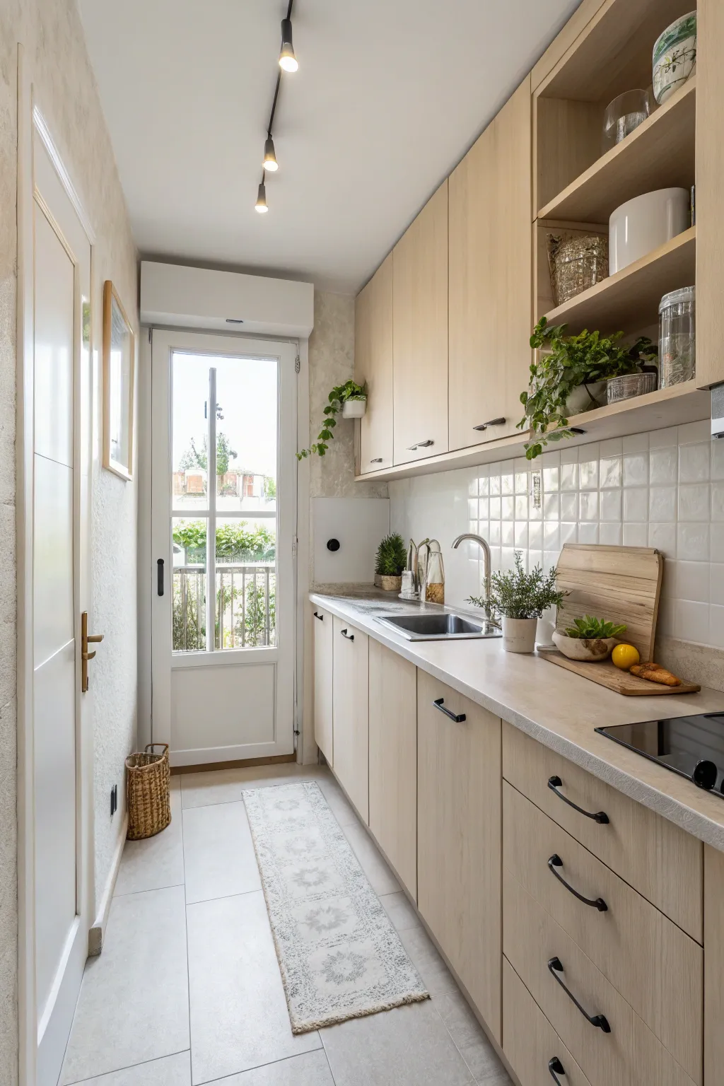 - Polished Wall Segments: Implement polished wall segments to refract illumination, thereby rendering your slender kitchen spacious and welcoming.
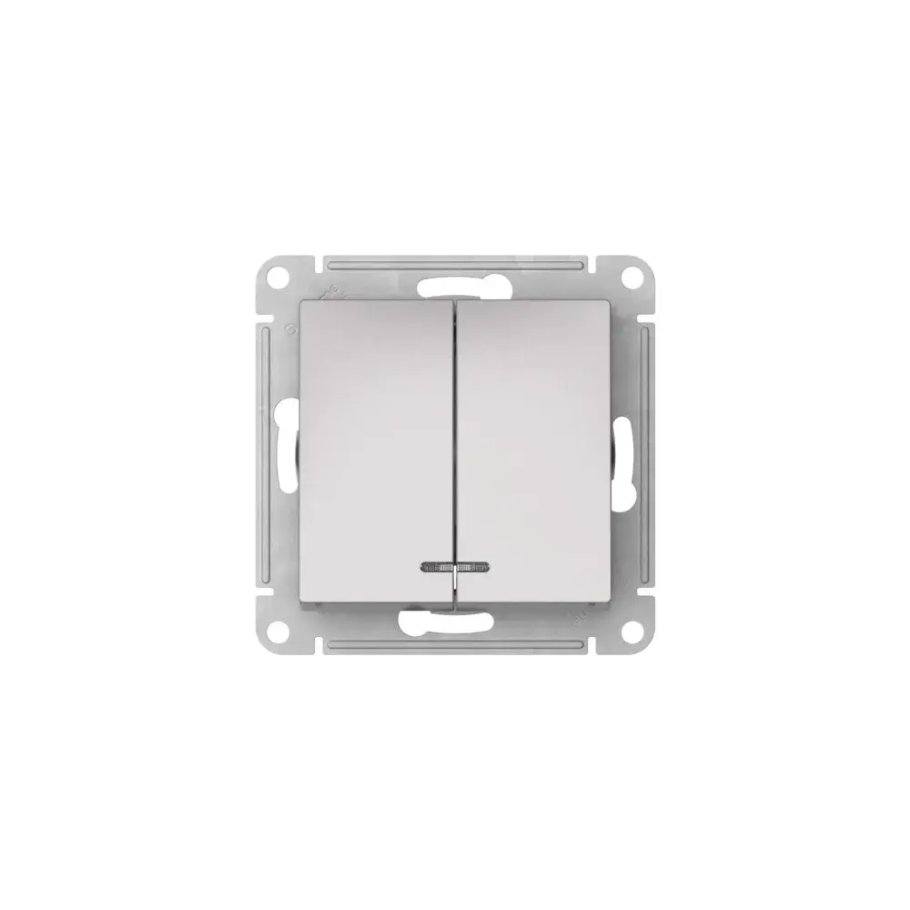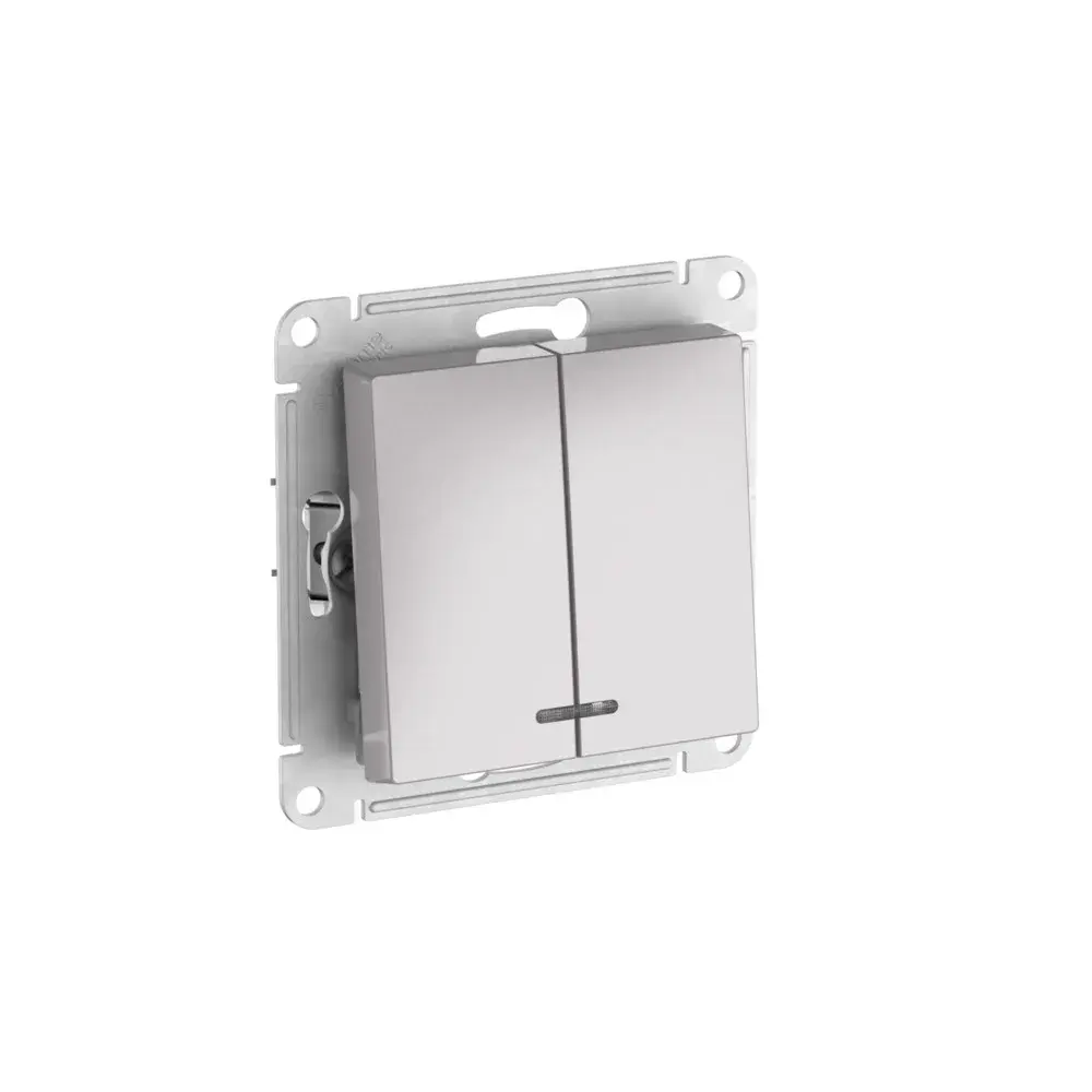 <div class="_truncate" data-v-566031d2><p>Механизм с быстрозажимными клеммами Systeme Electric (ранее Schneider Electric) серии AtlasDesign в цвете алюминий 2-клавишного выключателя с подсветкой подходит для сетей 250 В, на ток 10 А. С помощью новых быстрозажимных клемм монтаж розеток и выключателей стал намного быстрее. Теперь подключение не требует использования отвертки.
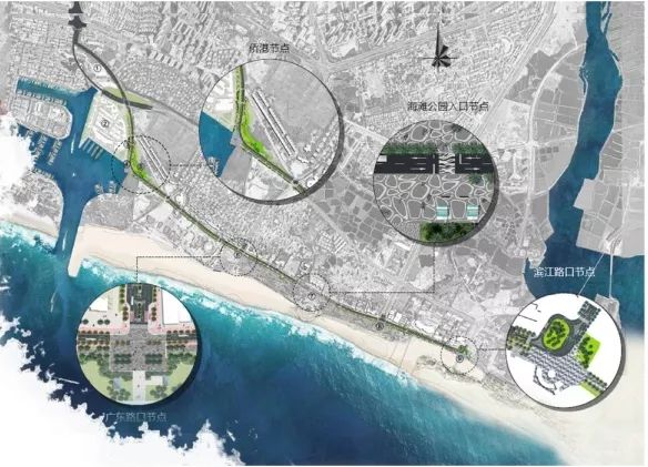 - N; X1 l2 _& n 将四号路重新定位为滨海风情林荫景观慢行道,将海岸与城市公共空间、村落码头系统整合。 : e1 X" z& a" X6 z; p( R5 I

┄┄┄┄┄┄┄┄┄┄

Task instructions
Leaving out the pictures, reproduce the whole listing above exactly.

Exercise solution
 - Polished Wall Segments: Implement polished wall segments to refract illumination, thereby rendering your slender kitchen spacious and welcoming.
 <div class="_truncate" data-v-566031d2><p>Механизм с быстрозажимными клеммами Systeme Electric (ранее Schneider Electric) серии AtlasDesign в цвете алюминий 2-клавишного выключателя с подсветкой подходит для сетей 250 В, на ток 10 А. С помощью новых быстрозажимных клемм монтаж розеток и выключателей стал намного быстрее. Теперь подключение не требует использования отвертки.
 - N; X1 l2 _& n 将四号路重新定位为滨海风情林荫景观慢行道,将海岸与城市公共空间、村落码头系统整合。 : e1 X" z& a" X6 z; p( R5 I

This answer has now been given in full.